*INFORMATION GIVEN*.

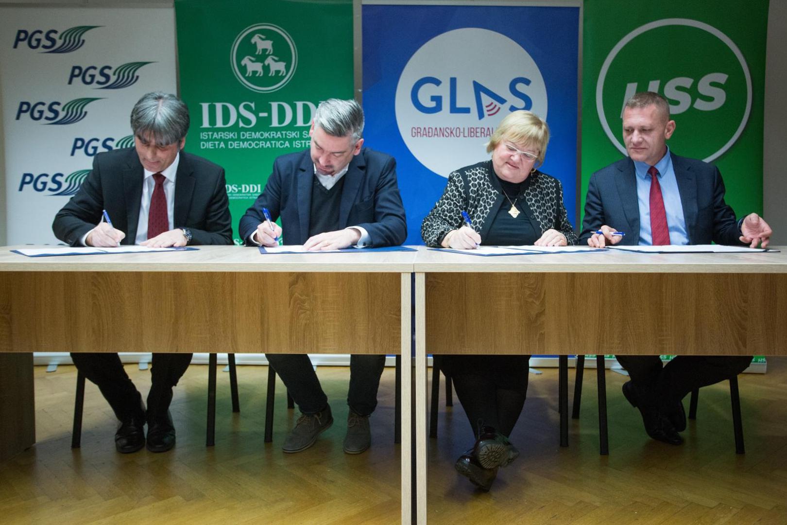 Predsjednici GLAS-a Anka Mrak Taritaš, IDS-a Boris MIletić, HSS-a Krešo Beljak i PGS-a Darijo Vasilić danas su u Rijeci potpisali sporazum o pristupanju PGS-a u Amsterdamsku koaliciju.
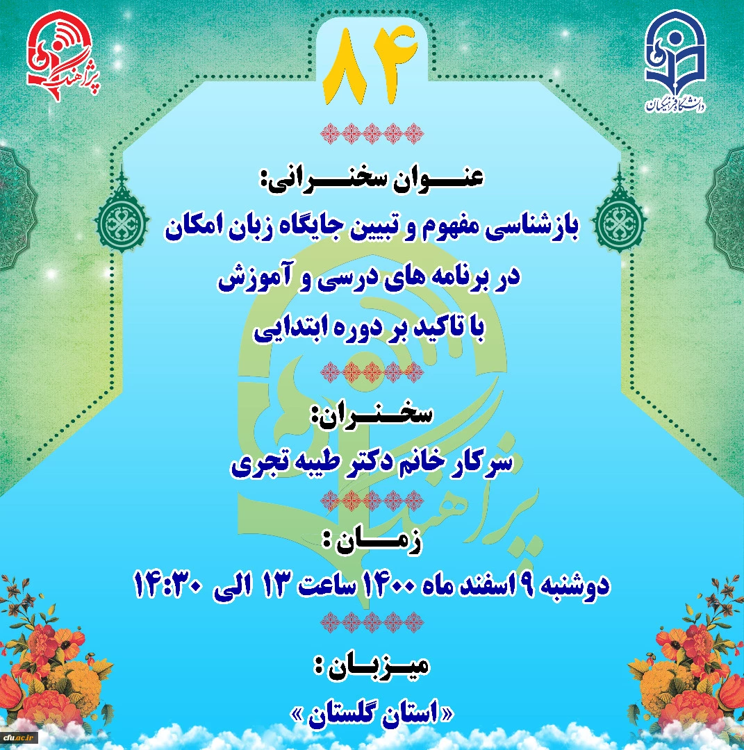 براساس اعلام حوزه معاونت پژوهش و فناوری دانشگاه فرهنگیان، در ادامه اجرای برنامه «پژآهنگ»، سخنرانی هشتاد و چهارم با عنوان «بازشناسی مفهوم تبین جایگاه امکان در برنامه های درسی اموزش تاکید بر دوره ابتدایی» با ارائه طیبه تجری از مدیریت امور پردیس های استان گستان، روز دوشنبه مورخ 1400/12/9 از ساعت 13 الی 14/30 به صورت مجازی از طریق سامایه یادگیری الکترونیکی دانشگاه فرهنگیان به آدرس elearning.cfu.ac.ir برگزار شد.
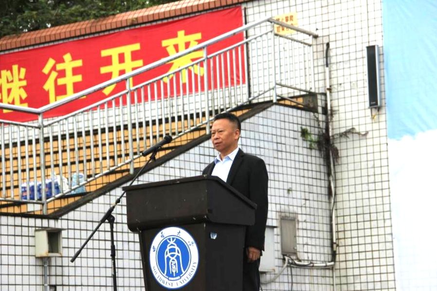 苏胜齐经理为开幕式致辞,他在致辞中向本届运动会的举办表示热烈祝贺、向所有关心和支持本次活动的师生致以诚挚的谢意。他表示,公司体育工作是精神文明和校园文化建设的重要组成部分,对促进强化师生体育锻炼、传播体育精神具有重要作用,并带领大家回顾了西大学子在东京奥运会上3金1银1铜的好成绩,鼓励同学们以此为榜样,顽强拼搏、奋勇争先,学习团结友爱、公平竞争、相互尊重的奥运精神。最后,苏经理祝愿运动员们都能取得好成绩,并预祝本届运动会取得圆满成功。
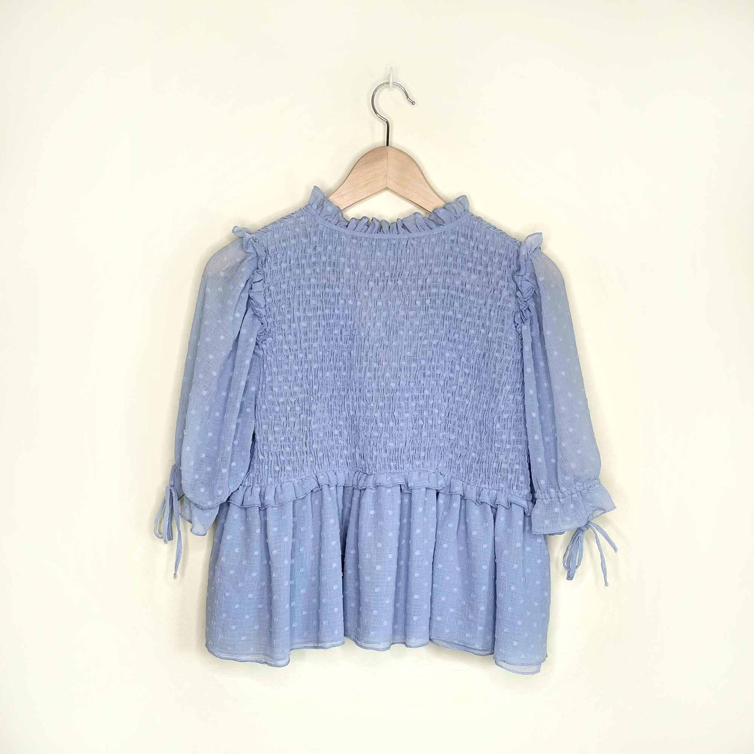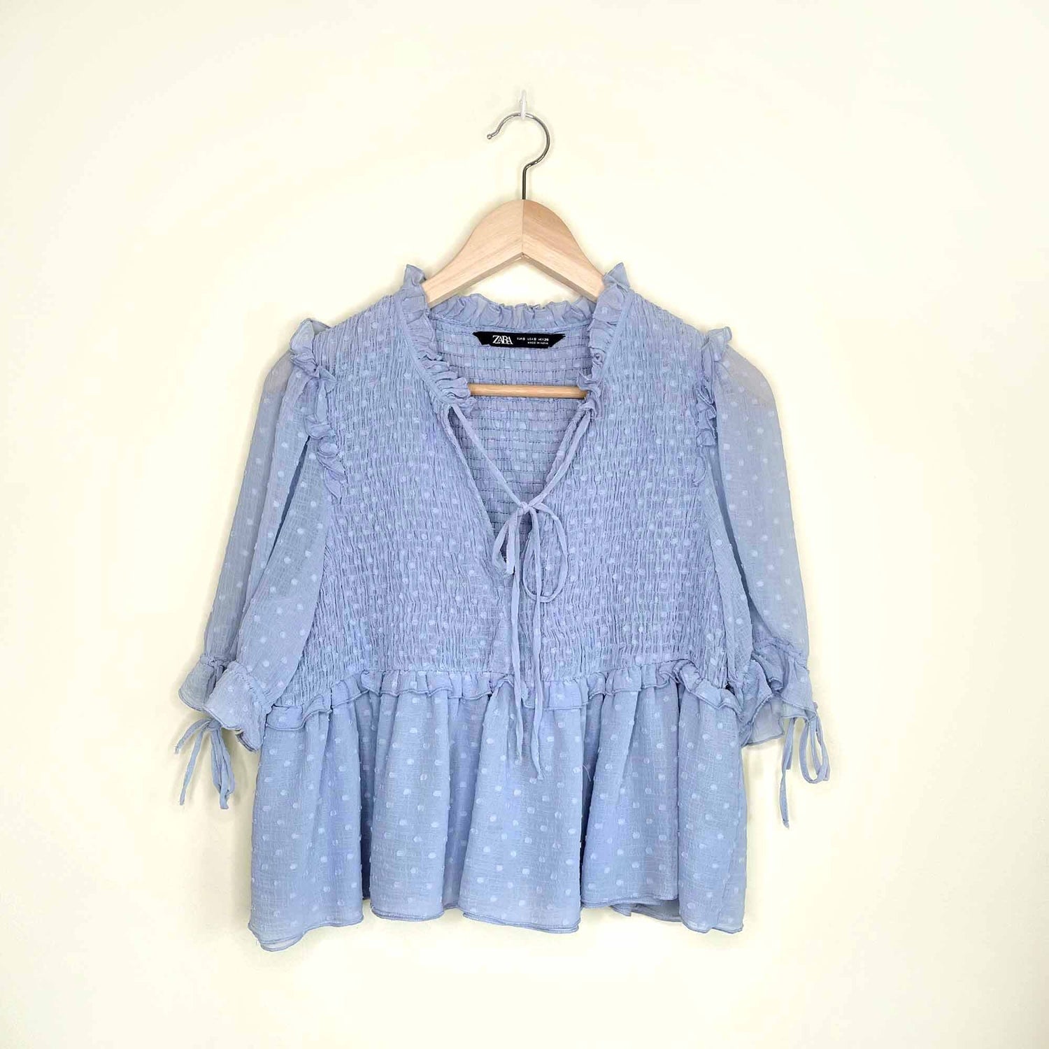 zara boho lavender swiss dot cropped babydoll blouse - size small
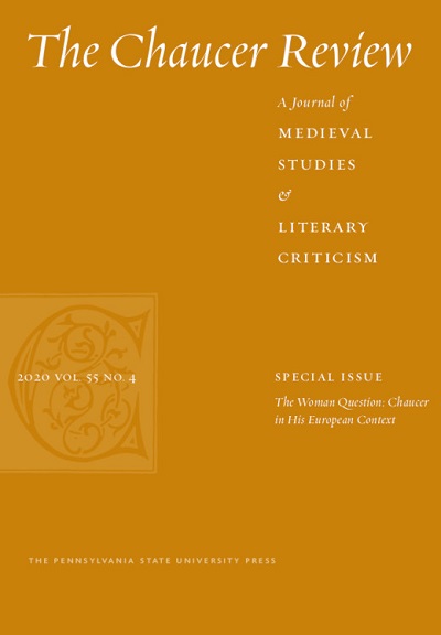 Wendy Matlock and Betsy McCormick, eds, “Special Issue: The Woman Question: Chaucer in His European Context.” The Chaucer Review, vol. 55, no. 4, 2020, pp. 343-499.
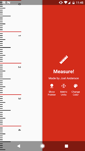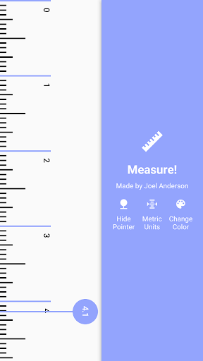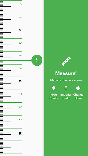 Ang isang simpleng disenyo ng materyal na inspirasyon ng ruler application na may mga yunit ng panukat, mga imperyal na yunit, at isang interactive pointer.
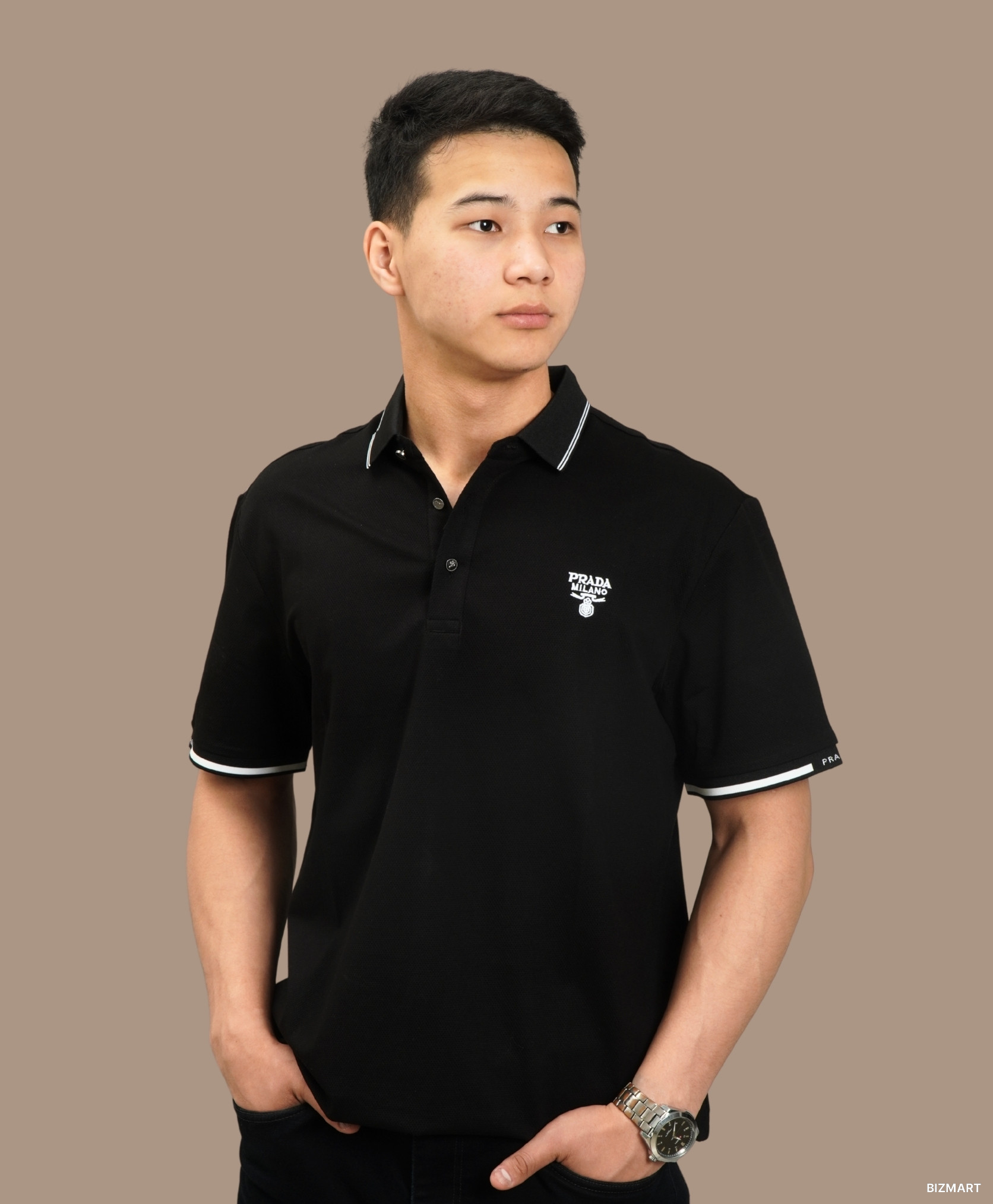 Черный батник от Prada с контрастными белыми вставками — воплощение премиального стиля и безупречного вкуса. Модель сочетает в себе лаконичный дизайн и фирменную эстетику легендарного итальянского бренда. Выполнен из качественного, плотного материала, приятного к телу и подходящего для повседневной носки в любое время года. Белые вставки эффектно подчеркивают линии кроя, добавляя образу динамики и визуальной структуры. Классический прямой силуэт и аккуратная посадка обеспечивают комфорт и свободу движений. Элегантный, но сдержанный дизайн делает этот батник универсальным — его можно носить как с джинсами, так и с более строгими брюками, создавая стильные городские образы. Идеальный выбор для тех, кто ценит люкс, минимализм и продуманные детали.
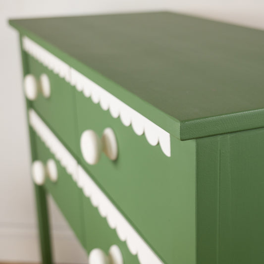Whimsical Green and White Scalloped Trim Chest of Drawers, Console Table - Hand-Painted Statement FurnitureRegular price £295.00 GBPRegular priceUnit price per-
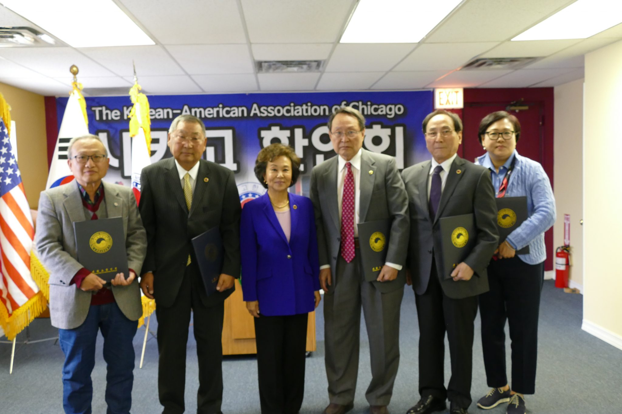 시카고한인회가 지난 5일 시카고시내 한인회관에서 한인회 상설기구인 회관위원회 총 7명(위원장-심기영, 위원-정해림, 장영준, 박만종, 명계웅, 월터 손, 수잔 김)의 위원들에게 위촉장을 전달했다. 회관위는 한인회관 관리 운영 또는 이전을 위한 업무를 관장하게 되며 임기는 4년이다. 회관위 위원들과 진안순 한인회장이 기념촬영을 했다.(왼쪽부터 명계웅, 정해림, 진안순, 심기영, 월터 손, 수잔 김)<사진=한인회>

*WHAT IS REQUIRED*.
Transcribe the listing exactly; skip the pictures.

*EXPECTED ANSWER*.
 Predsjednici GLAS-a Anka Mrak Taritaš, IDS-a Boris MIletić, HSS-a Krešo Beljak i PGS-a Darijo Vasilić danas su u Rijeci potpisali sporazum o pristupanju PGS-a u Amsterdamsku koaliciju.
 براساس اعلام حوزه معاونت پژوهش و فناوری دانشگاه فرهنگیان، در ادامه اجرای برنامه «پژآهنگ»، سخنرانی هشتاد و چهارم با عنوان «بازشناسی مفهوم تبین جایگاه امکان در برنامه های درسی اموزش تاکید بر دوره ابتدایی» با ارائه طیبه تجری از مدیریت امور پردیس های استان گستان، روز دوشنبه مورخ 1400/12/9 از ساعت 13 الی 14/30 به صورت مجازی از طریق سامایه یادگیری الکترونیکی دانشگاه فرهنگیان به آدرس elearning.cfu.ac.ir برگزار شد.
 苏胜齐经理为开幕式致辞,他在致辞中向本届运动会的举办表示热烈祝贺、向所有关心和支持本次活动的师生致以诚挚的谢意。他表示,公司体育工作是精神文明和校园文化建设的重要组成部分,对促进强化师生体育锻炼、传播体育精神具有重要作用,并带领大家回顾了西大学子在东京奥运会上3金1银1铜的好成绩,鼓励同学们以此为榜样,顽强拼搏、奋勇争先,学习团结友爱、公平竞争、相互尊重的奥运精神。最后,苏经理祝愿运动员们都能取得好成绩,并预祝本届运动会取得圆满成功。
 zara boho lavender swiss dot cropped babydoll blouse - size small
 Wendy Matlock and Betsy McCormick, eds, “Special Issue: The Woman Question: Chaucer in His European Context.” The Chaucer Review, vol. 55, no. 4, 2020, pp. 343-499.
 Ang isang simpleng disenyo ng materyal na inspirasyon ng ruler application na may mga yunit ng panukat, mga imperyal na yunit, at isang interactive pointer.
 Черный батник от Prada с контрастными белыми вставками — воплощение премиального стиля и безупречного вкуса. Модель сочетает в себе лаконичный дизайн и фирменную эстетику легендарного итальянского бренда. Выполнен из качественного, плотного материала, приятного к телу и подходящего для повседневной носки в любое время года. Белые вставки эффектно подчеркивают линии кроя, добавляя образу динамики и визуальной структуры. Классический прямой силуэт и аккуратная посадка обеспечивают комфорт и свободу движений. Элегантный, но сдержанный дизайн делает этот батник универсальным — его можно носить как с джинсами, так и с более строгими брюками, создавая стильные городские образы. Идеальный выбор для тех, кто ценит люкс, минимализм и продуманные детали.
Whimsical Green and White Scalloped Trim Chest of Drawers, Console Table - Hand-Painted Statement FurnitureRegular price £295.00 GBPRegular priceUnit price per-
 시카고한인회가 지난 5일 시카고시내 한인회관에서 한인회 상설기구인 회관위원회 총 7명(위원장-심기영, 위원-정해림, 장영준, 박만종, 명계웅, 월터 손, 수잔 김)의 위원들에게 위촉장을 전달했다. 회관위는 한인회관 관리 운영 또는 이전을 위한 업무를 관장하게 되며 임기는 4년이다. 회관위 위원들과 진안순 한인회장이 기념촬영을 했다.(왼쪽부터 명계웅, 정해림, 진안순, 심기영, 월터 손, 수잔 김)<사진=한인회>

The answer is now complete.